Exercise —
Would you retype the entries from the first line to the line bearing "Boys Brown Green", both included, leaving out every picture?

+++ The input +++

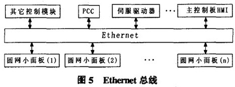 为了使圆网印花机给用户提供一个友好的人机界面,让用户更好地使用、维护和维修,经过不断的技术和市场调研,决定与B&R公司合作研制圆网印花机人机界面控制系统。本机操作部分包括两种硬件面板用来实现对机器的操作和参数显示及设置,一是主控制台上的主控制面板Power Panel PP41,另一种是装在网头上的小操作面板Panel ware(紧凑型HMI),以上控制面板都是B&R公司生产。具体控制框图如图2所示。
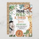 Boys Brown Green Young Wild Three 3rd Birthday Invitation
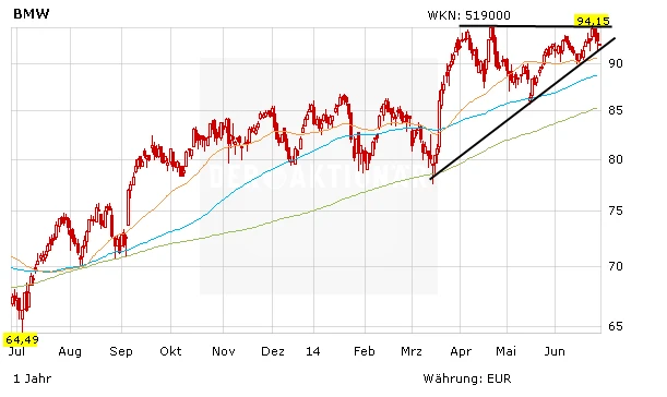 In den letzten Wochen arbeitete sich die Aktie von BMW wieder nach oben. Es scheint nur eine Frage der Zeit, wann BMW das alte Hoch bei 94,12 Euro nach oben knacken wird. Dann ist es auch nur eine Frage der Zeit, wann die Aktie die Marke von 100 Euro hinter sich lässt.
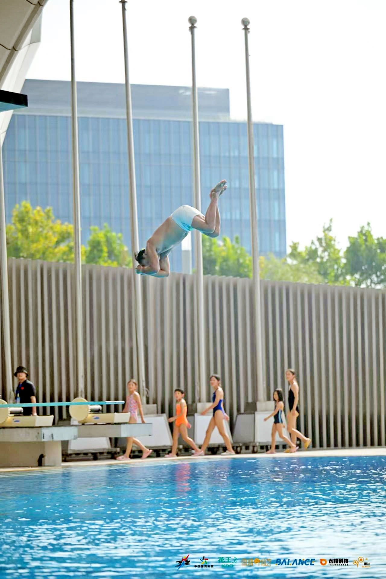 根據比賽規則,第一跳要求腳先入水,選手們全部選擇“冰棍式”“插蠟燭”,即直體雙腳入水。惟獨鮑政斌別出心裁,大步邁向跳臺,背對觀眾,前腳掌立起支撐身體,后腳掌懸空,雙手平舉,隨后大喝一聲“起”,雙腳用力蹬臺,雙臂和腰部同時向后充分發力,用巨大的合力推動180斤的身體向后快速翻騰360度,最后雙腳穩穩入水,激起一片浪花和觀眾的尖叫。
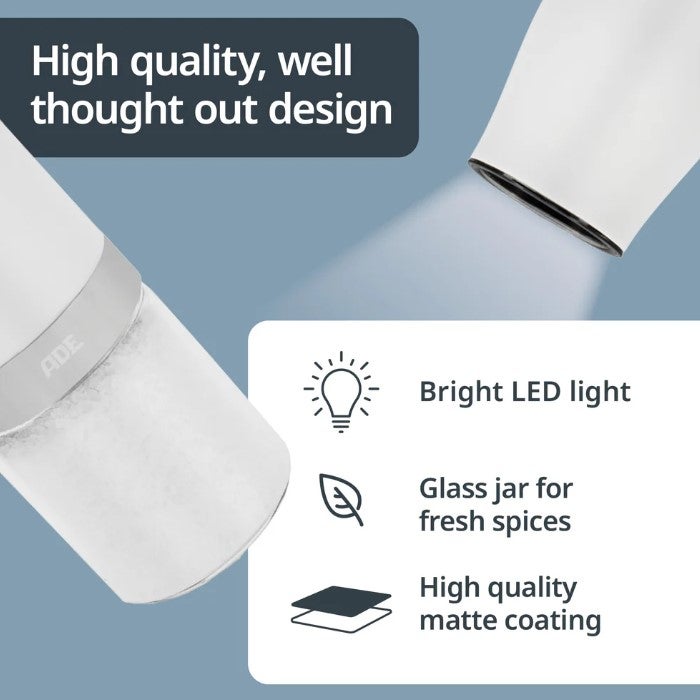 Sähköinen suola- ja pippurimylly saksalaiselta Adelta jauhaa täydellisesti annosteltuja mausteita, tuoreena jauhettua, ilman edes napin painalusta.
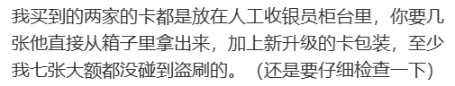 还有消费者指出,货架上看似外观没有异样的卡片,其实部分卡的兑换码已经被涂改,自己买了三张就有一张是这种情况。
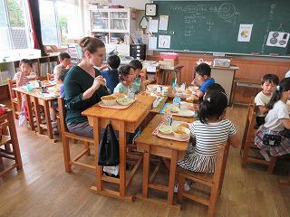 2年生の給食の様子(ALTのセーラ先生との会食)

+++

Exercise answer —
 为了使圆网印花机给用户提供一个友好的人机界面,让用户更好地使用、维护和维修,经过不断的技术和市场调研,决定与B&R公司合作研制圆网印花机人机界面控制系统。本机操作部分包括两种硬件面板用来实现对机器的操作和参数显示及设置,一是主控制台上的主控制面板Power Panel PP41,另一种是装在网头上的小操作面板Panel ware(紧凑型HMI),以上控制面板都是B&R公司生产。具体控制框图如图2所示。
 Boys Brown Green Young Wild Three 3rd Birthday Invitation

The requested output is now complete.